Once the line holding "- Đồng hồ đo" is found, output it and all remaining lines of the data exactly, with every picture left out.

━━━━━ Dataset extract ━━━━━

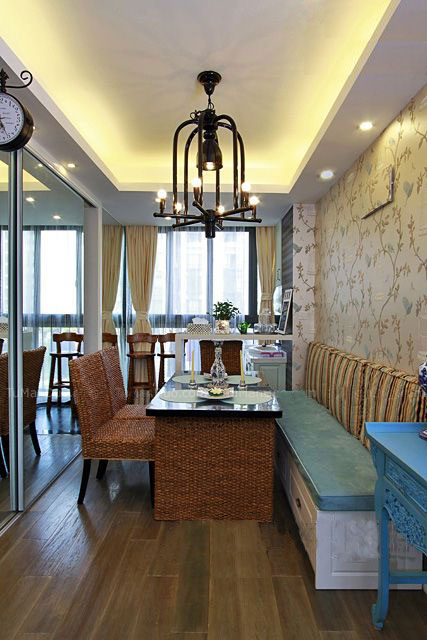 细节,生态饰品拙朴禅意:在饰品搭配上,经常可以看到的是最醒目的大红色的东南亚经典漆器,金色、红色的脸谱,金属材质的灯饰,如铜制的莲蓬灯,手工敲制出具有粗糙肌理的铜片吊灯,这些都是最具民族特色的点缀,能让空间散发出浓浓的异域气息,同时也可以让空间禅味十足,静谧而投射哲理。
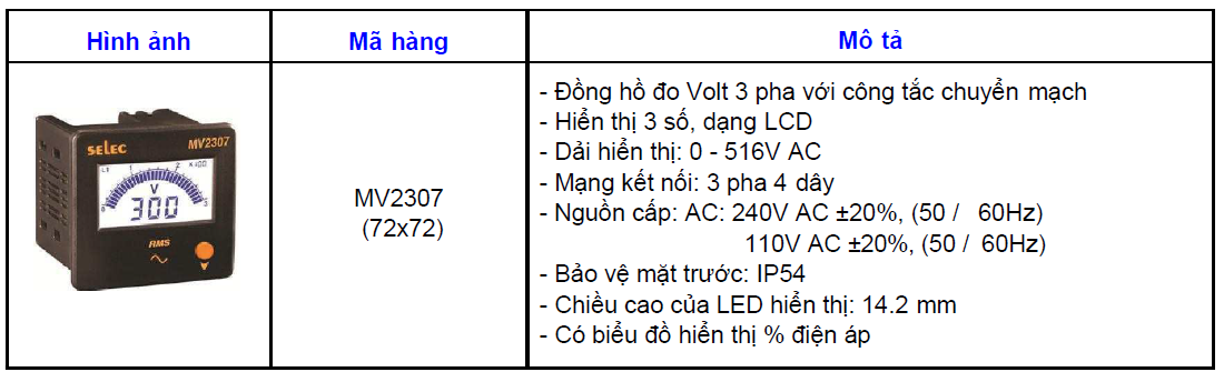 - Đồng hồ đo Volt 3 pha với công tắc chuyển mạch
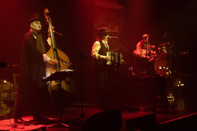 So it's no surprise to see The Tiger Lillies bring their unique sensibility to A Christmas Carol, Jacques' song cycle taking us into the head of the miser, Ebenezer Scrooge, paring the tale back to its psychological trauma and its bitter social critique. The Lillies' leader is front and centre, of course, but, with Adrian Stout snarling at latecomers and fearful of ghosts as Scrooge himself, and Budi Butenop playing a jaunty Bob Cratchit and mournful Tiny Tim, Jacques' bandmates prove to be much more than backing musicians.
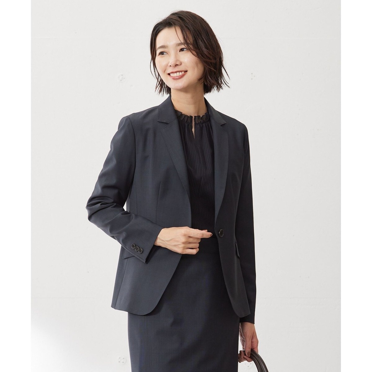 オーソドックスな1つボタンのテーラードジャケット。Air Trailoringと呼ばれる仕立てを施し、着心地の良さを追及しました。驚きの軽さを実現し、服の重みを感じさせにくくするために肩の部分に負担がかからないように前肩の設計で縫製。肩パットも入れないことで、より軽く動きやすいアイテムに仕上げました。スッキリと細身のシルエットで、着丈もスカートパンツとのバランス良く合わせられるようにしています。J.PRESSブランドロゴ入りのオリジナルボタンで、さりげなく特別感を演出。総裏ありです。

━━━━━

● **Answer section**
 - Đồng hồ đo Volt 3 pha với công tắc chuyển mạch
 So it's no surprise to see The Tiger Lillies bring their unique sensibility to A Christmas Carol, Jacques' song cycle taking us into the head of the miser, Ebenezer Scrooge, paring the tale back to its psychological trauma and its bitter social critique. The Lillies' leader is front and centre, of course, but, with Adrian Stout snarling at latecomers and fearful of ghosts as Scrooge himself, and Budi Butenop playing a jaunty Bob Cratchit and mournful Tiny Tim, Jacques' bandmates prove to be much more than backing musicians.
 オーソドックスな1つボタンのテーラードジャケット。Air Trailoringと呼ばれる仕立てを施し、着心地の良さを追及しました。驚きの軽さを実現し、服の重みを感じさせにくくするために肩の部分に負担がかからないように前肩の設計で縫製。肩パットも入れないことで、より軽く動きやすいアイテムに仕上げました。スッキリと細身のシルエットで、着丈もスカートパンツとのバランス良く合わせられるようにしています。J.PRESSブランドロゴ入りのオリジナルボタンで、さりげなく特別感を演出。総裏ありです。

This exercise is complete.